A Worcester Regional Transit Authority bus lays over in this file photo. Photo by Pi.1415926535 | CC BY-SA 4.0

Congress will need to enact an appropriations bill to dole out the new dollars included in an already-approved $1.2 trillion infrastructure package, but once that happens, Massachusetts is set to receive a first-year increase of more than $215 million to the funding it receives for highways and transit, a state Department of Transportation official said Wednesday.

Officials continue to unpack the impacts of the new law, which reauthorizes federal funding programs under the Obama-era FAST Act with more money to improve the nation’s roads, bridges, railroads and buses, and to help prepare for the impacts of climate change.

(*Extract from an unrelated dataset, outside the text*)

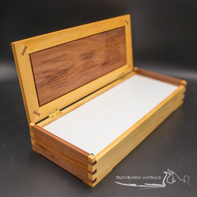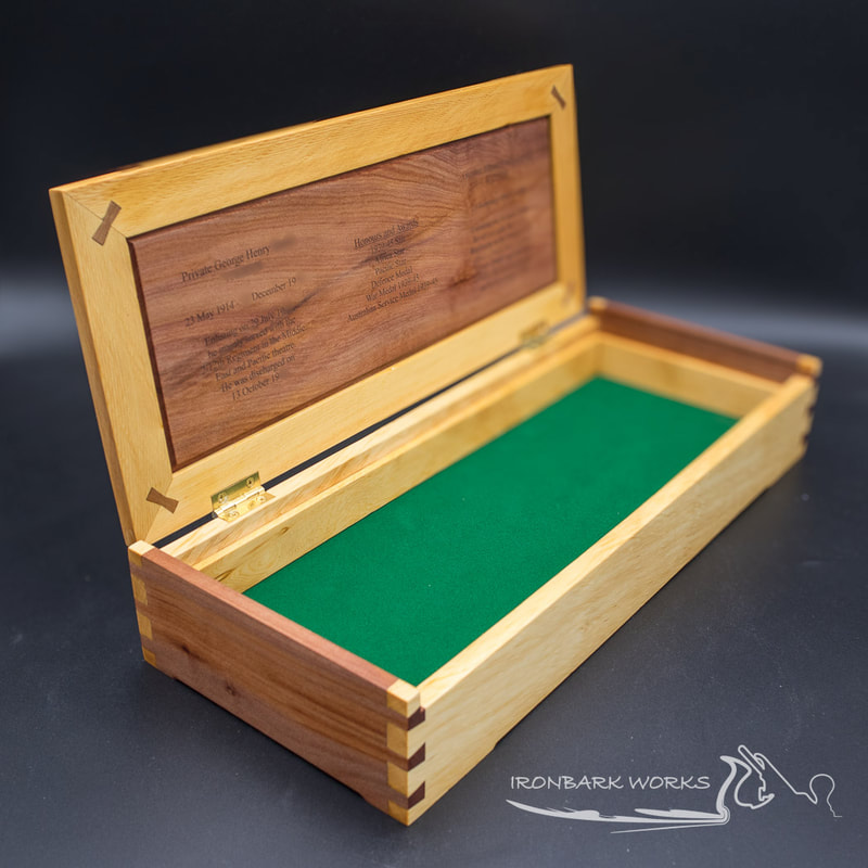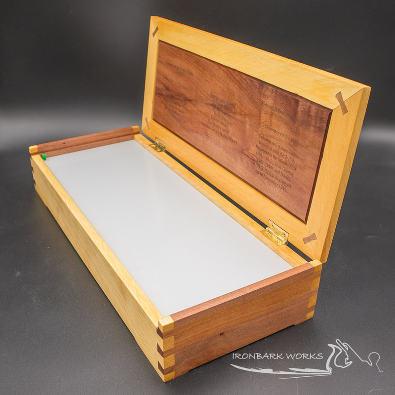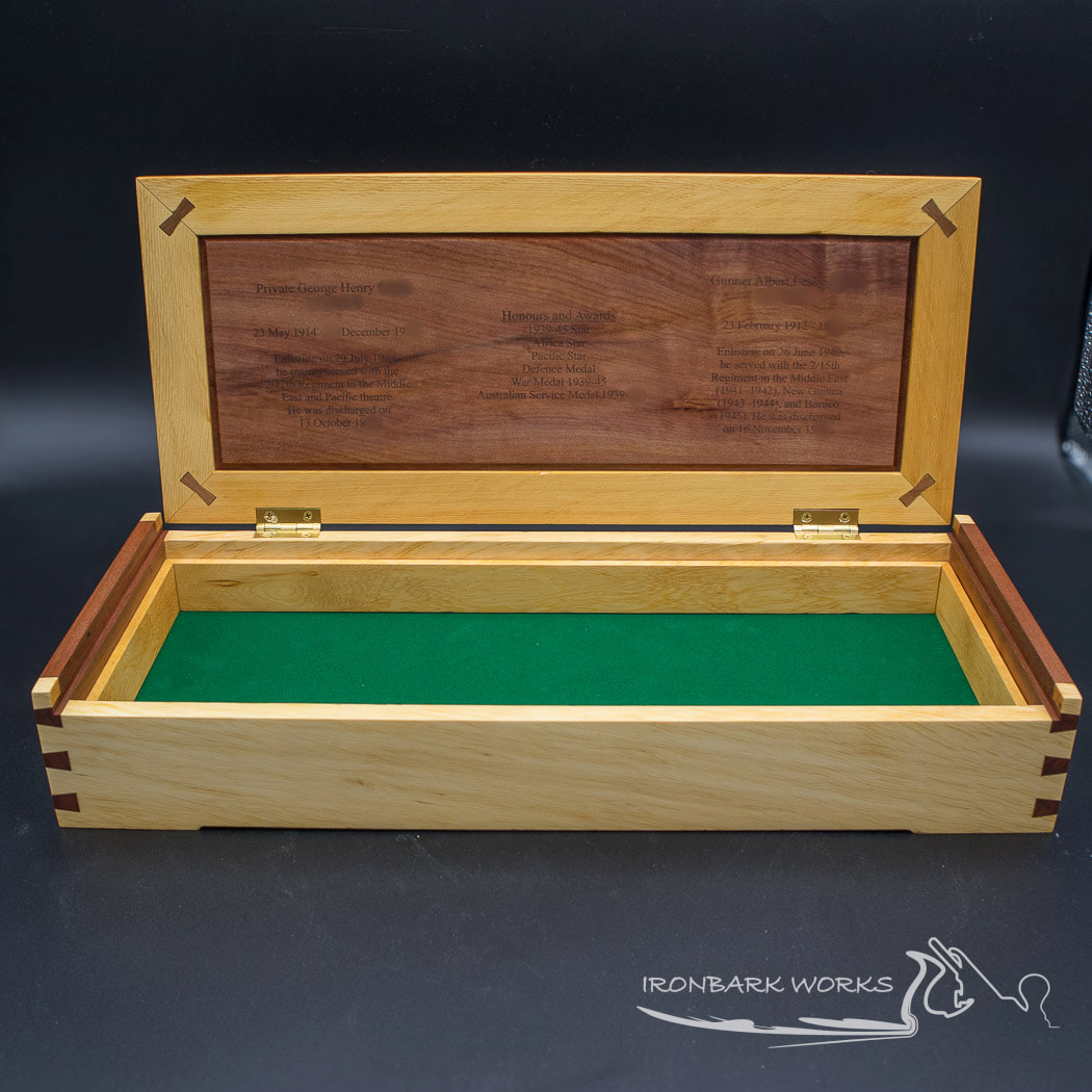 Made from Huon Pine and Myrtle with a blue velour lining this medal box was made to display four medals. Quality stop hinges from Brusso finish off this lovely box which was made for a Sailor who served during World War II. Engraved on the box lid is both the RAN badge (with the Tudor (Kings) Crown) and third edition Rising Sun badge to for time spent in both the Army and the Navy.
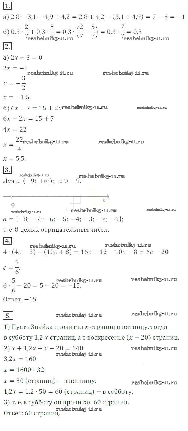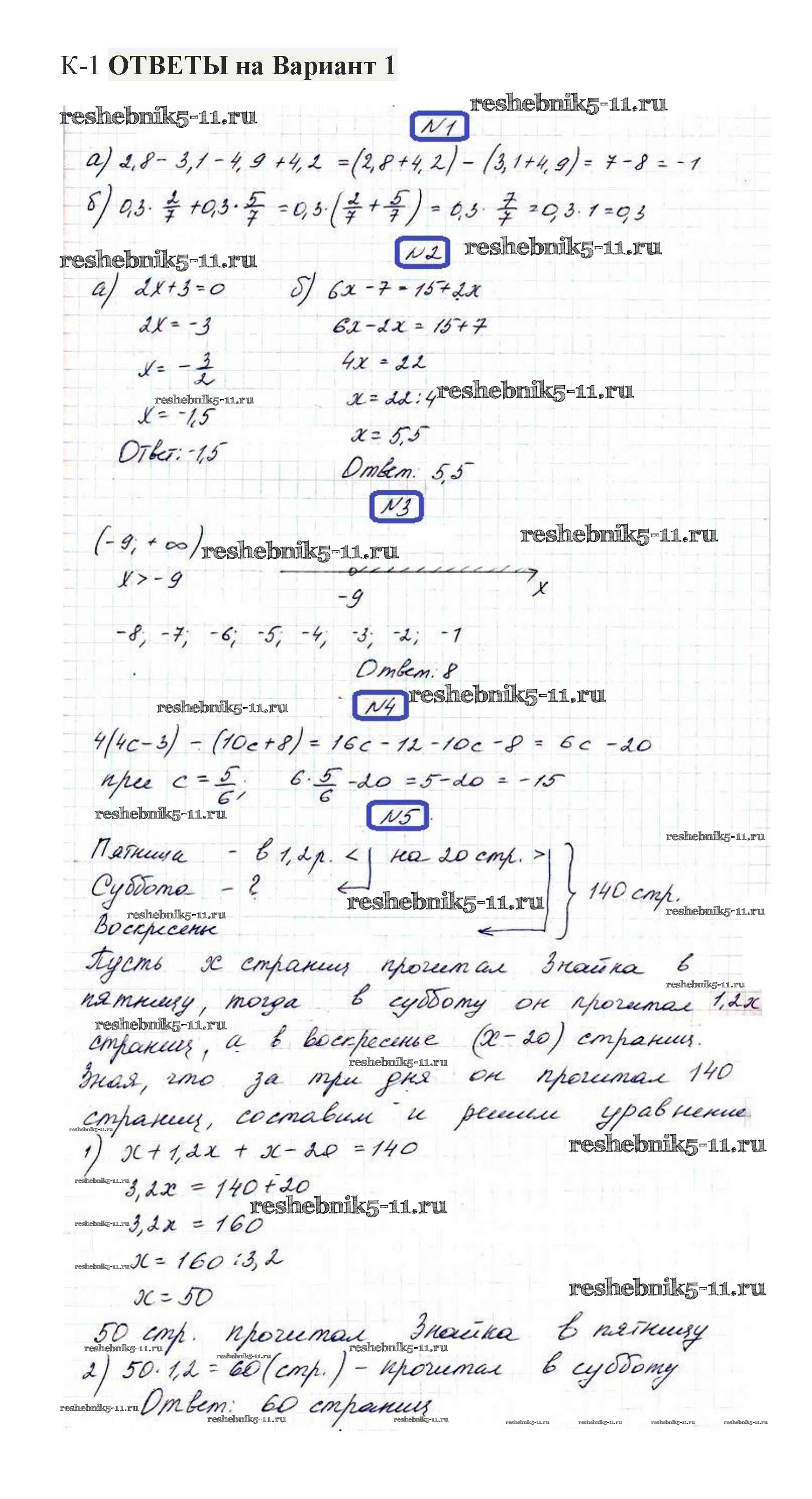 Готовая домашняя работа с ответами по Алгебре за 7 класс Александрова Контрольные работы Мнемозина 2017 ФГОС - КР-1. Варианты 1

MassDOT Director of Capital Planning Michelle Ho said Wednesday that early projections indicate that the Bay State will see a roughly 19 percent increase in formula funding for highways in federal fiscal year 2022, from $678.7 million in the current spending cycle to $804.6 million.

“That’s a significant increase for us overall,” Ho said.

On the transit side, Ho said the MBTA, MassDOT and the state’s regional transit authorities should receive about $483 million in federal fiscal 2022, a $92.5 million or 23.6 percent increase over fiscal 2021.

Ho added that it may be “challenging” for the Bay State to program all of the new funding in the 2022 federal spending year, which runs through September 2022, once the money begins to flow. Massachusetts can compete with other states for sizable pots of additional grant funding, which Ho said MassDOT and the T would “aggressively pursue.”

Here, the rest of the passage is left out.